Medgar Evers Was Targeted By Mississippi Sovereignty Commission; 2010 80th Anniversary of Evers's Birth

Medgar Evers, Mississippi's first NAACP leader. 2010 eightieth anniversary of his birth.

Blogger Rev. Gerald Britt pays hommage to Medgar Evers, Mississippi's first NAACP leader who was murdered in the driveway of his home:

This year is the 80th anniversary of the birth of Medgar Evers, one of our country's most significant Civil Rights freedom fighters.
Recognition of Evers often gets lost between that given Martin Luther King, Jr. and Malcom X, yet for 10 years, ending with his assassination in 1963, Medgar Evers was a prominent figure in the struggle for equal rights, serving as field secretary for the NAACP (National Association for the Advancement of Colored Peoples) in Jackson, Mississippi.
Rev. Britt is the Vice President of Public Policy & Community Program Development of Central Dallas Ministries. He is also the author of a monthly column for The Dallas Morning News.
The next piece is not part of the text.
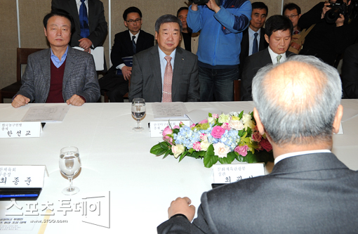 [스포츠투데이 정재훈 기자] 21일 오전 한국프레스센터 외신기자클럽에서 최관식 문화체육관광부 장관과 정몽규 K리그 총재, 구본능 KBO 총재, 한선교 KBL 총재, 김원길 WKBL총재, 박상설 한국배구연맹 사무총장 등 한국 프로 스포츠 수장들이 승부조작 등 체육계 현안문제 대책을 논의하고 있다.
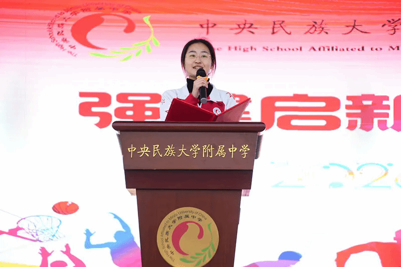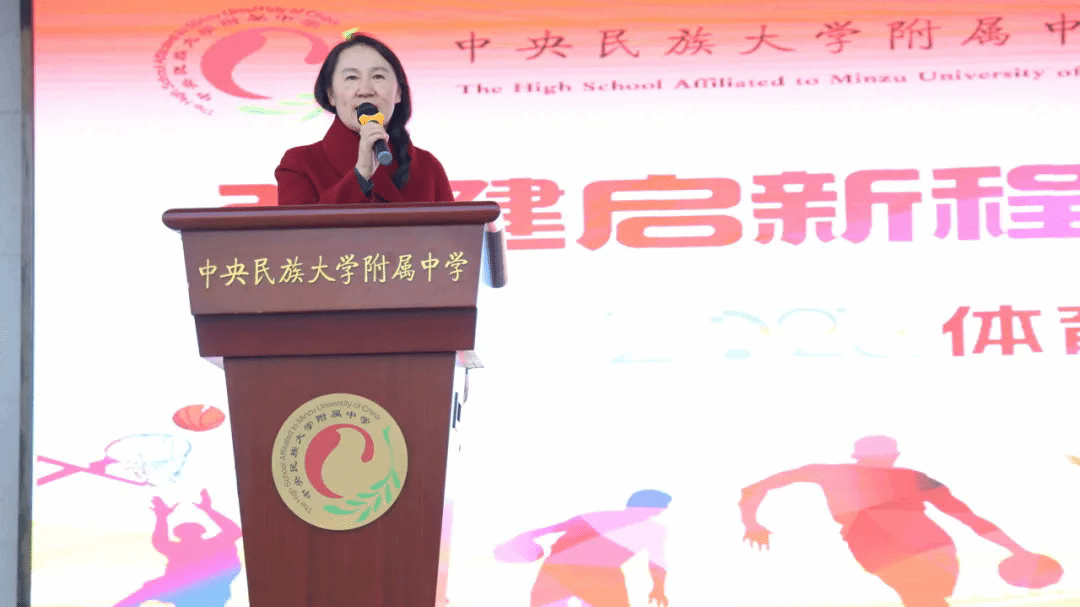 在热烈的掌声中,党委常务副书记佟丽娟郑重宣布:“中央民族大学附属中学2026年体育文化节正式开幕!”

At his site, Britt shows two important film clips..."The excerpt from the documentary 'Eyes on the Prize', gives the context of the movement - the institutionalization of the culture of injustice, the intimidation of those who sought to register to vote (briefly shown is an example of the 'literacy test' given to actually disqualify voters. The same type of test recommended by Tom Tancredo at the recent TEA Party Convention). It also shows how the legal system gave cover to those who committed such heinous crimes, such as the assassination of Evers."

The second clip is of Myrlie Evers-Williams at the Martin Luther King dinner.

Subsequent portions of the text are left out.